I combined these thoughts and methods and began to notice that I could make better decisions in my life when I felt relaxed and pleasant, so I took time to change my feelings and enjoy. That's different from Pollyanna, who made believe. I was affirmed in feeling perfectly awful, as long as I wished. Just don't believe what you think or observe at those times. During those serene times ("for today" is the expression in Al-Anon) I could both enjoy my life and think and act in ways that I could trust represented who I really am, not out of distorted intensities like guilt, anger, loneliness or fear.
Over the next several years I discovered that stress caused illnesses, and noticed things like the personal isolation that was a major part of the treatment for tuberculosis. There was even some evidence that the recovery program of AA would work effectively for tuberculosis patients (the founder of the National Council on Alcoholism was both and recovered from both through AA, and others affirmed the discovery). All of this came to an end through the use of antibiotics.
It was a phrase in my family, "my resistance was down and I got a cold", and we worked to build up that old resistance. Over the years, when I found myself in a "helper" role in life, and a staff member at a mental hospital, I continued to notice the connections among various illnesses and various feelings, like sadness and sore throats. Being a huge man, I was often asked to help calm down an unruly and psychotic patient, and I did what everyone does on a hospital ward. I talked of ease and calmness and in a short time the psychosis would abate and the patient would calm down. In fact (this was the days before drugs) if the patient were put in a straight jacket the calming would be much longer in coming. And, me being a resourceful and risk taking person, would see the patient later and talk about what the patient was saying while psychotic. More times than not the psychosis would begin to return. Then I would shift his focus to serenity and watch it go, then back to the feelings which supported the psychosis. Some patients were delighted when I offered that they take over, and in and out of psychosis they would go. I began to find that they could use some of what I learned in AA and Al-Anon to make serenity and clarity part of their lives. This developed into our DCI program of "Client Directed Recovery", which works like magic.

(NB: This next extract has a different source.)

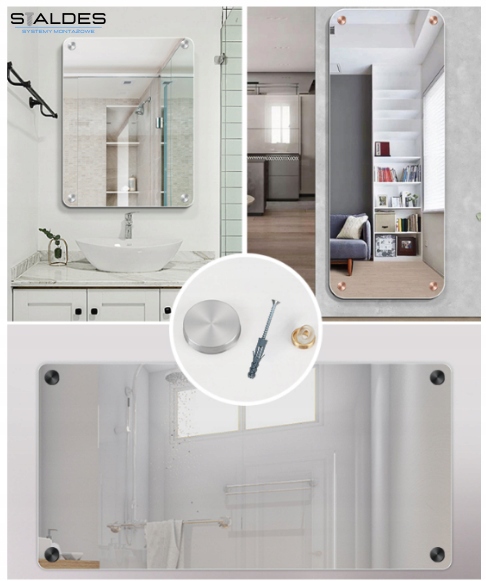Набір підходить для кріплення вивісок, скла, дзеркал, табло, табличок, полиць, літер , ручки тощо, виготовлені з різних матеріалів, наприклад скла, плексигласу, алюмінію.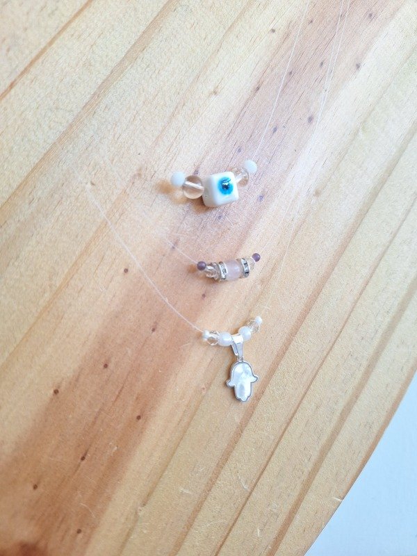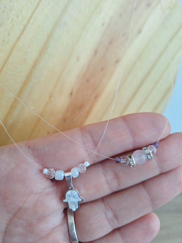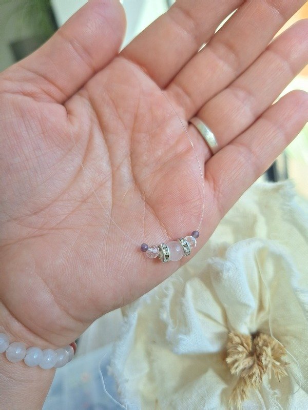 Collar de tanza invisible de 45cms con piedra y mostacillas o dije.

Learning more about feelings led to the physical wellness work which we do. Feelings are physiological events in the body. They are things that the person does, while we learn to believe that they happen to us. That's not surprising, since once you do something, like create a feelings state, and then you associate that with something else, like how people respond when you feel that way, you have now rehearsed an association and created a behavior pattern. That means that every time you think, "I wish they would act this way" it restimulates the feeling and, lo, they do! Now you will notice that they learn to "push your buttons" by placing a restimulator before you. They now "make you feel this way". Simply add this to childhood experience with illness (everyone pays attention to your illness, or to poor sick grandma). Now you have a system of behavior in which your body automatically holds those feelings which cause illness for you, and lo and behold you are sick and loved for it.
This is exactly the kind of stuff that the Designed Change Process was developed for. You have more to say about your illness than you have been led to believe.